Exercise directions. Find the line below with "Экспресс-ателье по адресу" and the line with "春の新作メッシュコーデのご紹介 上下で配色のメッシュニットが登場! テープヤーンのもっちりとした生地感が特徴的です". Output exactly those lines and everything between them, leaving out the pictures.

Supplied entries.
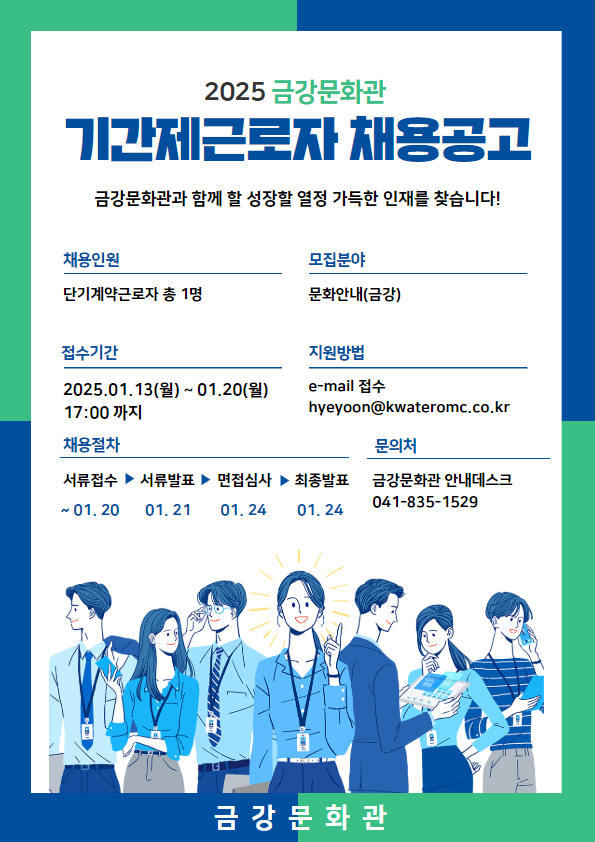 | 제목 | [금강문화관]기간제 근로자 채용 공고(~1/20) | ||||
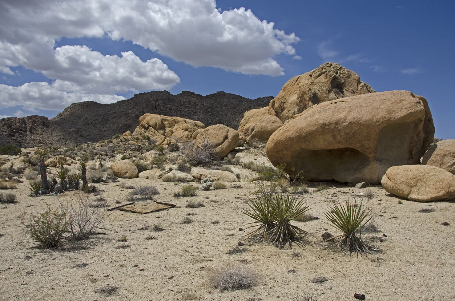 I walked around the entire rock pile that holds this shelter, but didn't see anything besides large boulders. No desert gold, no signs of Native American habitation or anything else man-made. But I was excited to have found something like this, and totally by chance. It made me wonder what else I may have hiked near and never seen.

==

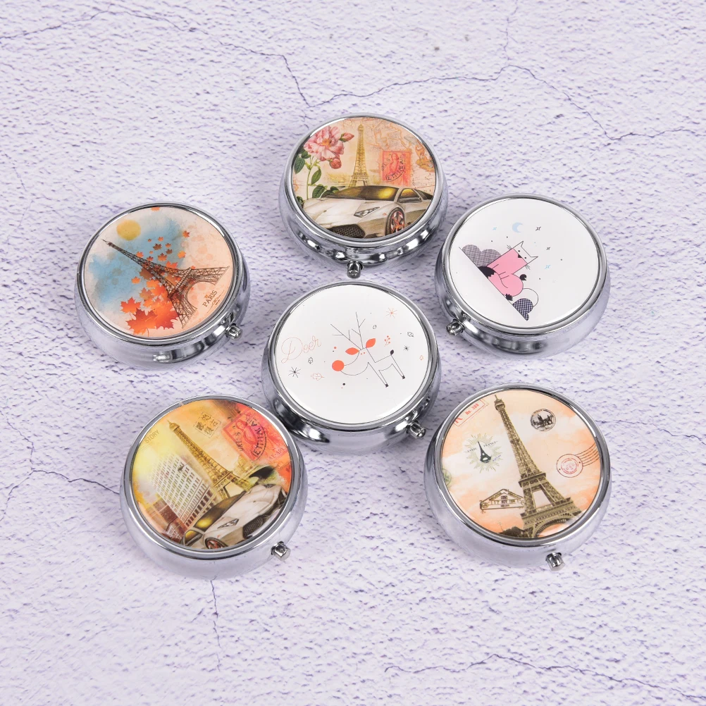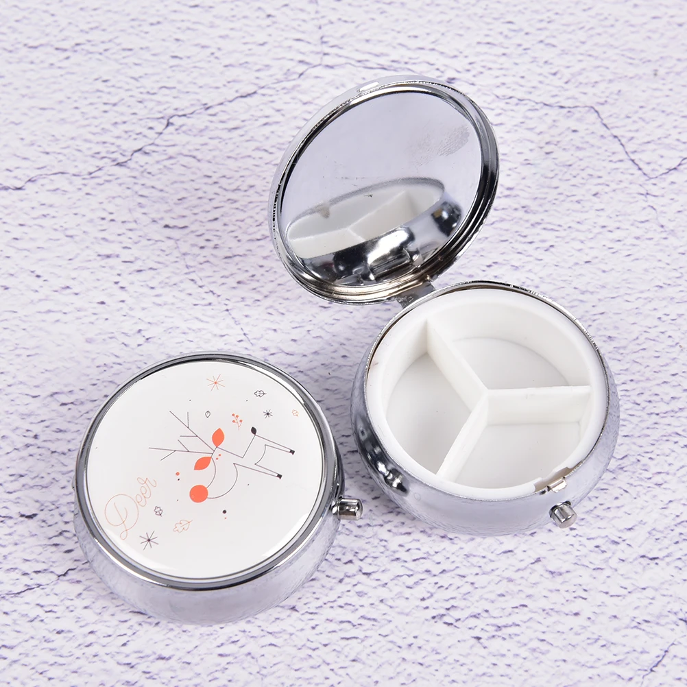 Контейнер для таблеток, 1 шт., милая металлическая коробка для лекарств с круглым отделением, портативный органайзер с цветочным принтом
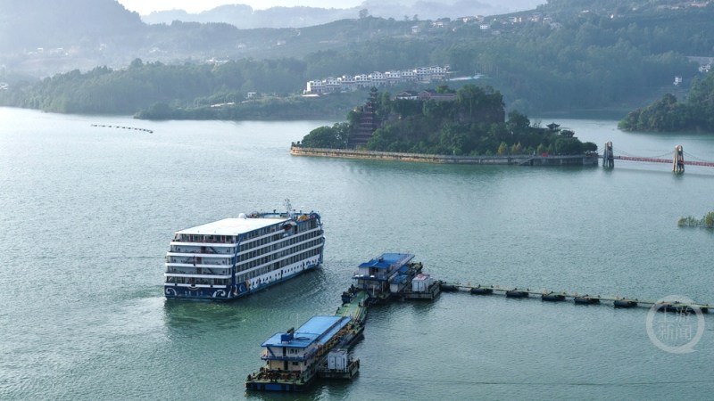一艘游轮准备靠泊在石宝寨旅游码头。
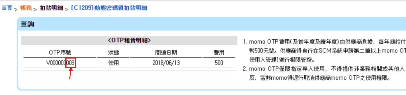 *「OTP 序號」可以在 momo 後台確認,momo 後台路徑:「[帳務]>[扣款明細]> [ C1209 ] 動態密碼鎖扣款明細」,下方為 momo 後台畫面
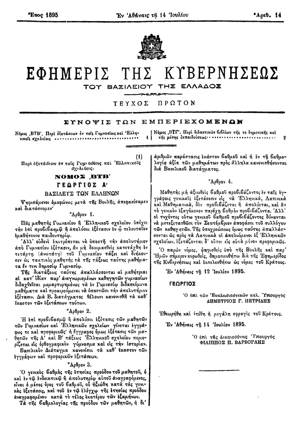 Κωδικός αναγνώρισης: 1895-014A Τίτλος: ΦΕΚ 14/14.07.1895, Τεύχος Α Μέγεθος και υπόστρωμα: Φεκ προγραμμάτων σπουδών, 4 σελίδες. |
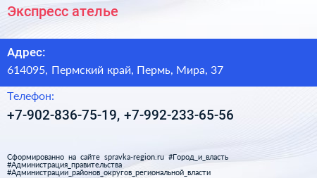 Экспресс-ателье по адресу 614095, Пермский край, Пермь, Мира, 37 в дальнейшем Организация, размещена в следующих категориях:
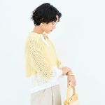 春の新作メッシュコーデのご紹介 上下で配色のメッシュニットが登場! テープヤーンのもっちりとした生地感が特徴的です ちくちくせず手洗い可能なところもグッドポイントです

The completed task.
 Экспресс-ателье по адресу 614095, Пермский край, Пермь, Мира, 37 в дальнейшем Организация, размещена в следующих категориях:
 春の新作メッシュコーデのご紹介 上下で配色のメッシュニットが登場! テープヤーンのもっちりとした生地感が特徴的です ちくちくせず手洗い可能なところもグッドポイントです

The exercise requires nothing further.